A defence case is pleaded but such defence is required to be considered at a later stage and not at this stage. The appellants would have ample opportunity to raise all the issues urged in this appeal at an appropriate later stage, where such pleas would be and could be properly analysed and scrutinized.

16.In view of the aforesaid position, we decline to interfere with the criminal proceeding at this stage. The appeal is consequently dismissed.

.............................J. [S.B. Sinha]

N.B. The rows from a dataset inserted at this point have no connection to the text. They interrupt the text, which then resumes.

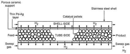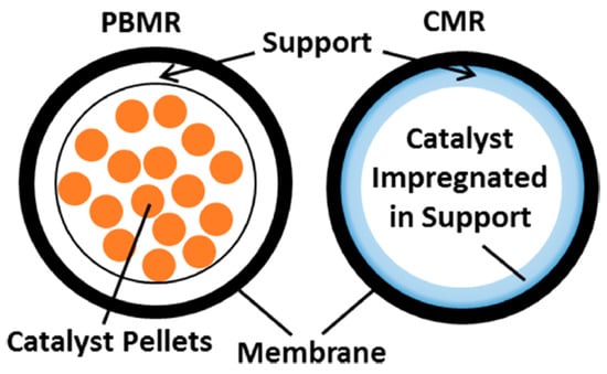 To reduce the limitation of radial diffusion in membrane reactors, Zhang et al. [60] developed a catalytic membrane reactor (CMR). As Figure 16 shows, the catalyst layer is adjacent to the membrane in the CMR and H2 is released directly near the permeable membrane during decomposition while the catalyst pellets are dispersed in the channel of the packed-bed membrane reactors (PBMR). Therefore, the diffusion scale of H2 in the CMR is micron-sized while it is millimeter-sized in the PBMR. As a result, the CMR exhibited less amount of catalyst, lower operating temperatures and higher H2 yield than the PBMR.
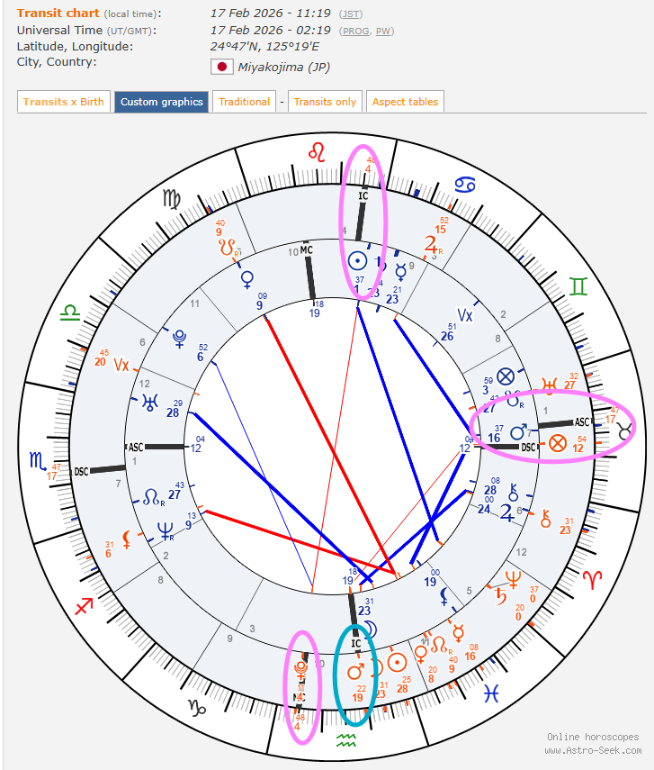 さらに日食図では、T水瓶座火星が私のネイタルIC(心の基盤)に重なっていました。これは、「自分の内側の聖域を、自らの情熱(火星)で守り、再構築せよ」という号令です。外部の期待に合わせるのではなく、自身の魂の拠点から火を噴くような創作エネルギーを湧き上がらせる。その準備が整ったことを示しています。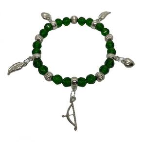 Pulseira oxossi verde penduricalhos cristal e silicone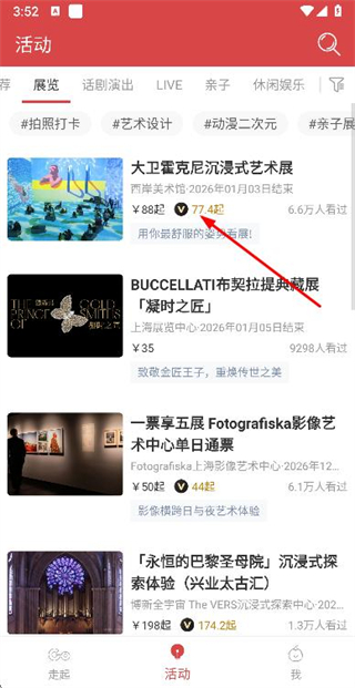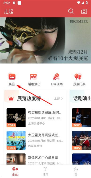1、在走起首页点击展览选项,进入展览活动列表页面。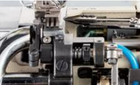 Galoneira cilíndrica com refilador esquerdo para cortar a borda do tecido, motor direct drive, 3 agulhas, trançador superior, lubrificação automática, fácil operação e desempenho mais estável. É adequado para todos os tipos de malhas, bainha inferior de camisetas (o cortador do lado esquerdo corta primeiro a borda extra do tecido e depois costura a barra). Corte de fios automático, posicionamento de agulha e calcador.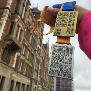 De laatste twee kilometers kom ik weer een beetje in de flow. Ik ben wel kapot, maar ik weet dat die laatste 2 kilometer ook nog moeten kunnen. Het stomme is dat mijn horloge de hele weg al zo’n 400 meter voorloopt. Dat is echt heel irritant! Dat komt omdat de GPS in de IJ-tunnel niet werkt en tjah… dan heb je hier de hele weg last van. Op zich kun je hier rekening mee houden, maar als je zo aan het werken bent op Karakter, dan is dit wel gewoon even ruk. Toch gaan de laatste kilometers best OK. Gaby komt nog langs sprinten, ik zwaai en hoop in mezelf dat ze haar doel bereikt. Er zijn hier weer heel veel mensen aan de kant en dat helpt ook enorm. In het ‘tussenstuk’ is het toch wat minder vol met toeschouwers en dat is dan toch wat ‘saaier’. Ik ga hem gewoon wel uitlopen!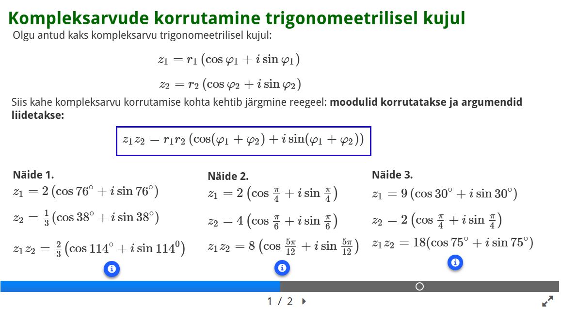 Õpiobjekt selgitab, kuidas korrutada kompleksarve, kasutades nende trigonomeetrilist kuju. Rõhk on moodulite korrutamisel ja argumentide liitmisel, mida illustreeritakse samm-sammult näidete abil.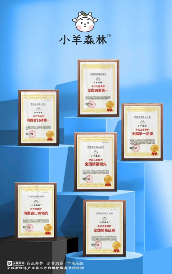 基于艾媒自主研发并获得省部级重大科技专项立项的CMDAS大数据系统监测及严格的调查,以及对中国(不含港澳台)中式儿童食养、养护及古方四神饮消费者口碑市场研究比对的结果进行统计确认,小羊森林荣获全球领先的新经济产业第三方数据挖掘和分析机构iiMedia Research(艾媒咨询)授予“中式儿童食养全国销量第一”“中式儿童食养全国销量领先”“中式儿童养护全国第一品牌”“中式儿童养护全国领先品牌”“古方四神饮消费者口碑第一”“古方四神饮消费者口碑领先”六项市场地位确认。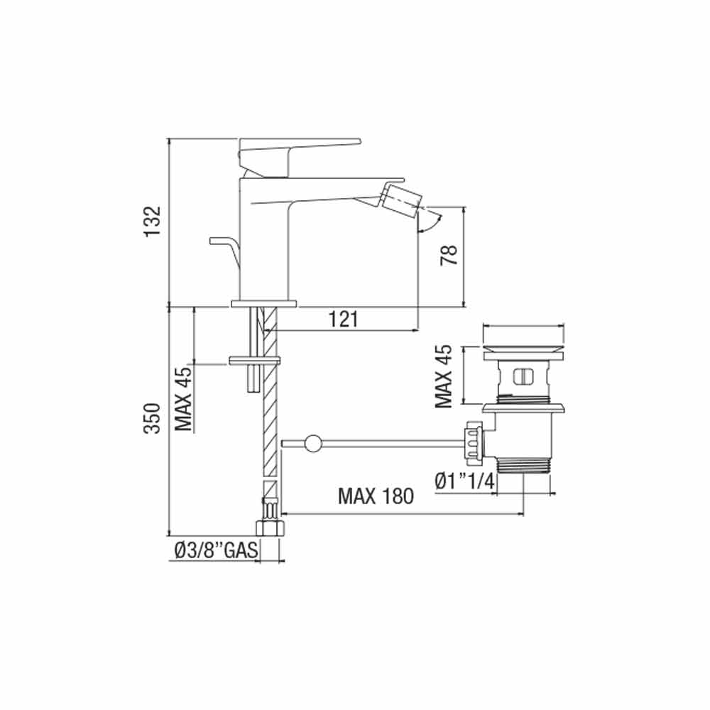 Modern bidéblandare i förkromad mässing med avlopp från Made in Italy.

AMAR RANU (Querist) 03 August 2011
A trial has started without pre-requsite-plea recording,as you have rightly stated,now what are the consequences for such a trial?
What should be done now?
AMAR RANU (Querist) 03 August 2011
Dear Mr.Raj,
I have gone through the case,cited by you,is not at all applicable to the subject matter of plea recording raised by me.
Please let me know if the fundamental issue of trial without plea recording has been settled elsewhere.
kuldeep kumar (Expert) 04 August 2011
amar ranu in summon case procedure is already harsh and plea recording can not be done away with.result in my opinion will vitiate trial.
Ajay Bansal (Expert) 04 August 2011
See A.I.R. Manuals.
AMAR RANU (Querist) 04 August 2011
I repeat my query as to what can be done now since examination-in-chief has started without plea recording.
I an still in search of firm and clear response.
Can plea recording is possible after or during examination-in-chief?